GM was apparently using the 100,000 mile/5-year warranty to help sell cars, but now believes the warranty really doesn't matter. The automaker is taking its 100,000 mile/5-year powertrain warranty and reducing it to 60,000 miles/5 years. And that's not the only decreased coverage that will start with 2016 models of Chevy and GMC vehicles.

GM says it maintenance programs will be cut in half, from four free visits within 24 months down to two visits within 24 months.

GM seems to believe a longer warranty really doesn't help sell Chevrolet and GMC vehicles, so there is no reason to provide customers extra piece of mind with a long warranty period relating to the mileage on the vehicles.

To be honest, the new GM warranty coverage terms will now match more closely to powertrain warranties from Ford, Chrysler and Toyota. But it's still a distance to catch up with Hyundai/Kia that provide powertrain coverage for 100,000 miles/10 years.

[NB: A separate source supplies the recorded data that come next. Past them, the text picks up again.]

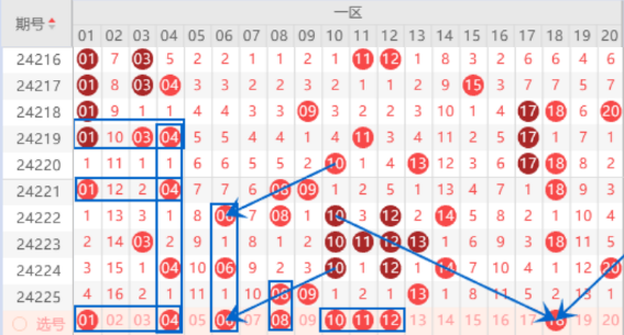 下图为01-20号数字区间走势分析图:
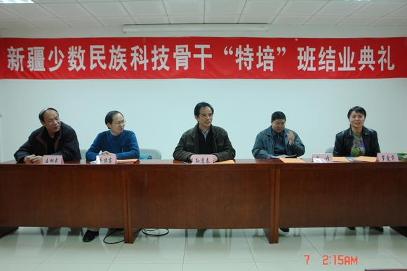 我校新疆少数民族科技骨干“特培班”结业典礼于2009年1月6日举行。副校长兼研究生院院长孙逢春教授出席并讲话。研究生院常务副院长薛唯教授,副院长罗爱芹教授、计算机科学技术学院副院长牛振东教授以及原计算机科学技术学院党委书记王树武教授出席了结业典礼。结业典礼由罗爱芹教授主持。
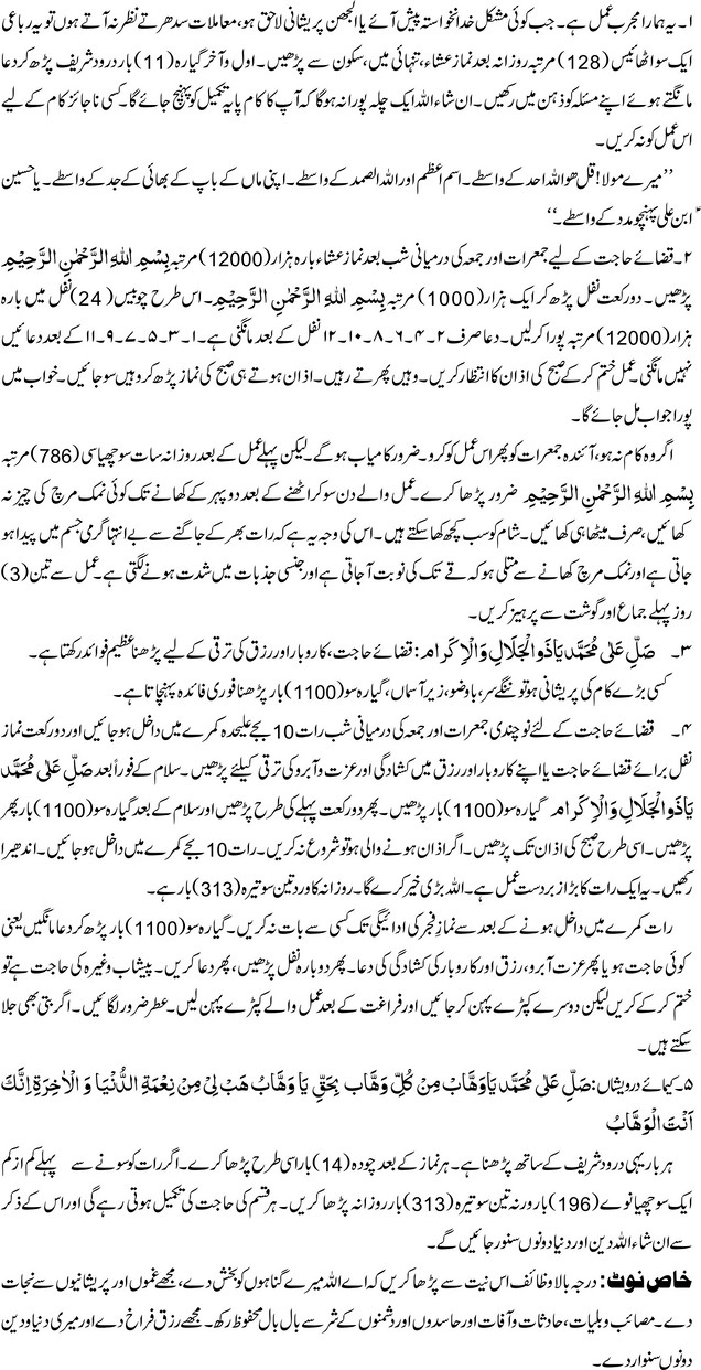 مجرب روحانی اعمال برائے حل المشکلات و قضائے حاجات

It's difficult to see how decreasing the length of warranty will help GM, and you have to wonder if the tremendous expenses related to defective ignition switches have anything to do with this. The automaker is paying out millions to compensate victims who were killed or injured by the faulty switches.

Additionally, GM has been battered by investigations, recalls and lawsuits associated with ignition switches that can move out of position and cut power to millions of cars.

One of those lawsuits involved Brooke Melton, a 29-year-old Georgia woman who was killed in 2010 when her 2005 Chevy Cobalt crashed after it went out of control and was hit by another vehicle. Her family had sued GM and settled the case for $5 million accusing GM of hiding the defective ignition switches from the public.

However, after realizing the scope of the problem and viewing more evidence that GM knew the switches were deadly, Melton's family re-filed the lawsuit and today, GM settled that case for an undisclosed sum.